• Data extracted from a collection:
┄┄┄┄┄┄┄┄┄┄┄┄┄┄┄┄┄┄┄┄
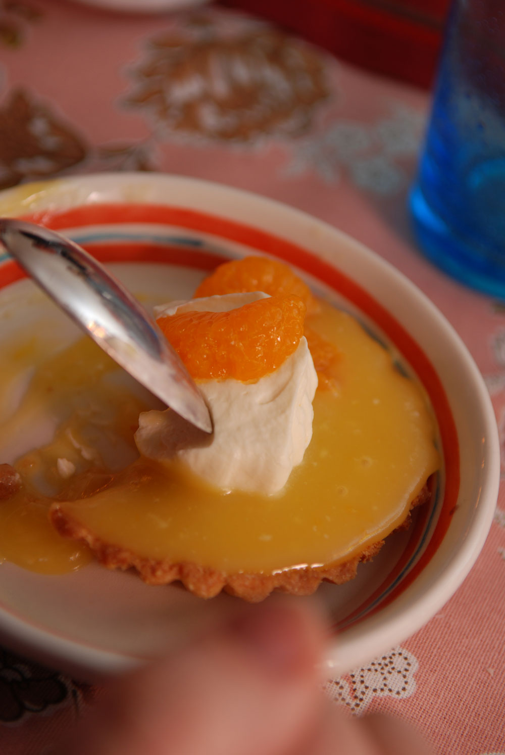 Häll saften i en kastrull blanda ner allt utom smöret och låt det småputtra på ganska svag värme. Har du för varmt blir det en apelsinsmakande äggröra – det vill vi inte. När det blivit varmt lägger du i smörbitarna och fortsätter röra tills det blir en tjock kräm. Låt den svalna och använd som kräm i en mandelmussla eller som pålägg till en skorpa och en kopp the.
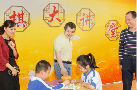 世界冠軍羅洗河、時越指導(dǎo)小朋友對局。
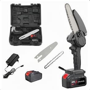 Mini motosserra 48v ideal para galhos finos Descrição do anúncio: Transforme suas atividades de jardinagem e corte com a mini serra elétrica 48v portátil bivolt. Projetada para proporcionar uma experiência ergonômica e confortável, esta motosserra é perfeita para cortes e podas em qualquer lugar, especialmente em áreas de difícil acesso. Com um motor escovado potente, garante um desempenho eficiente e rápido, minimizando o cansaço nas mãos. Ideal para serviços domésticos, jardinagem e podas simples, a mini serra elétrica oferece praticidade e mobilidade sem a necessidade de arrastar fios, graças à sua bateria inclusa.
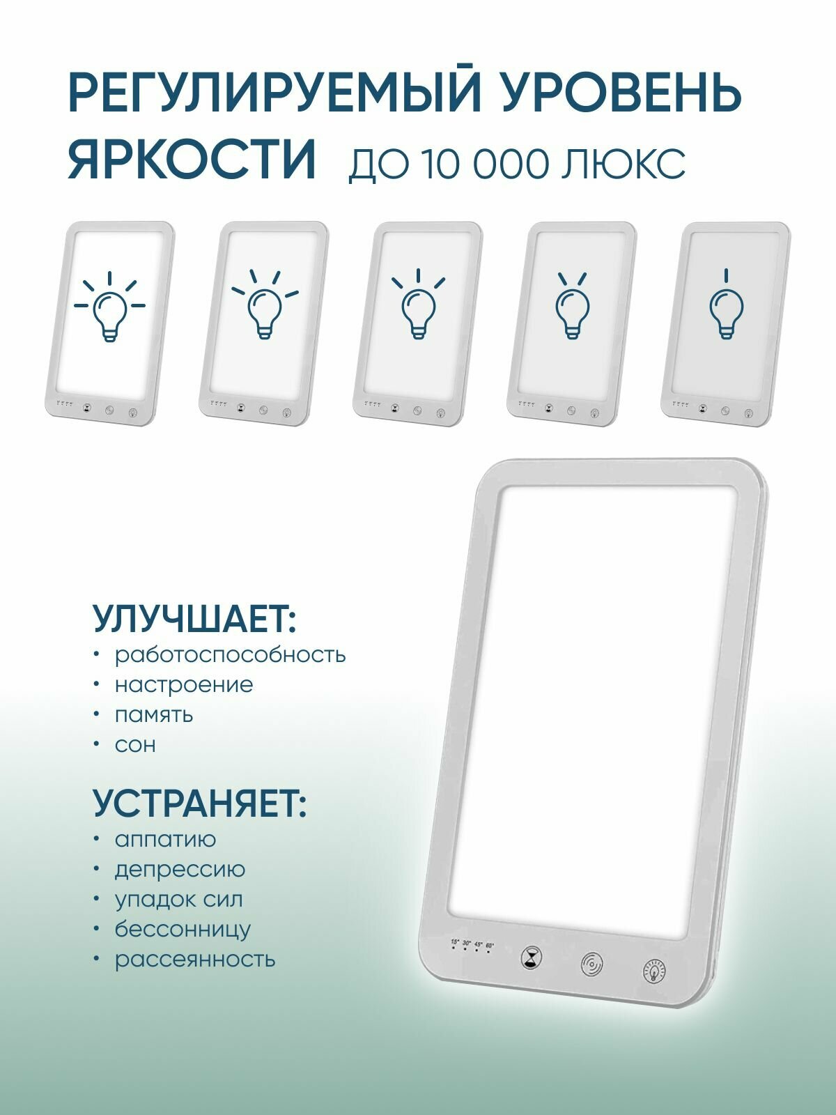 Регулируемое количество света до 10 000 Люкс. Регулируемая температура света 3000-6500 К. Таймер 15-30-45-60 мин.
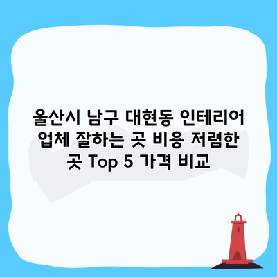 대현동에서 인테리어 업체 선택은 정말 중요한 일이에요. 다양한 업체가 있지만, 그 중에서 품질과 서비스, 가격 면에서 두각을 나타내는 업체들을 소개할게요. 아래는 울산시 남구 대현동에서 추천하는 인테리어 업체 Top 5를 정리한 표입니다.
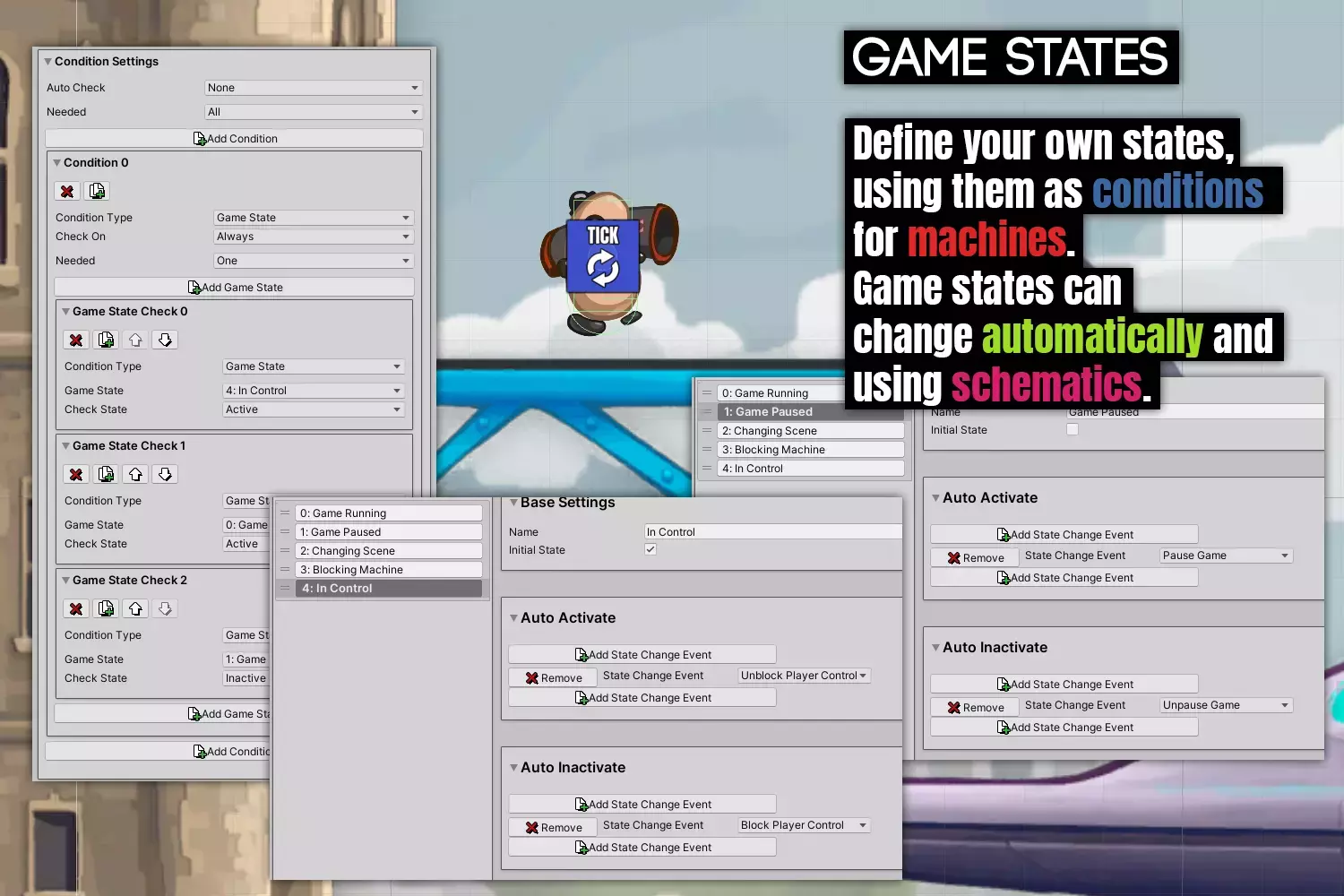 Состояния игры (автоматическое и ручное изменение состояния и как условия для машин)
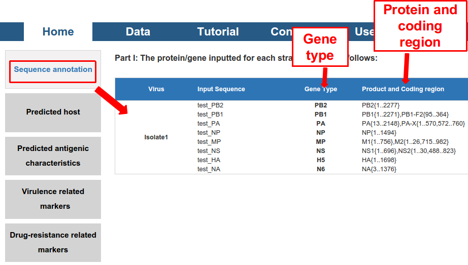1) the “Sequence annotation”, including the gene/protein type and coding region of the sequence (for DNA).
┄┄┄┄┄┄┄┄┄┄┄┄┄┄┄┄┄┄┄┄
Leave every picture out and return exactly the lines from the one holding "Состояния игры (автоматическое" through the end of the records above, both ends included, and nothing more.

 Состояния игры (автоматическое и ручное изменение состояния и как условия для машин)
1) the “Sequence annotation”, including the gene/protein type and coding region of the sequence (for DNA).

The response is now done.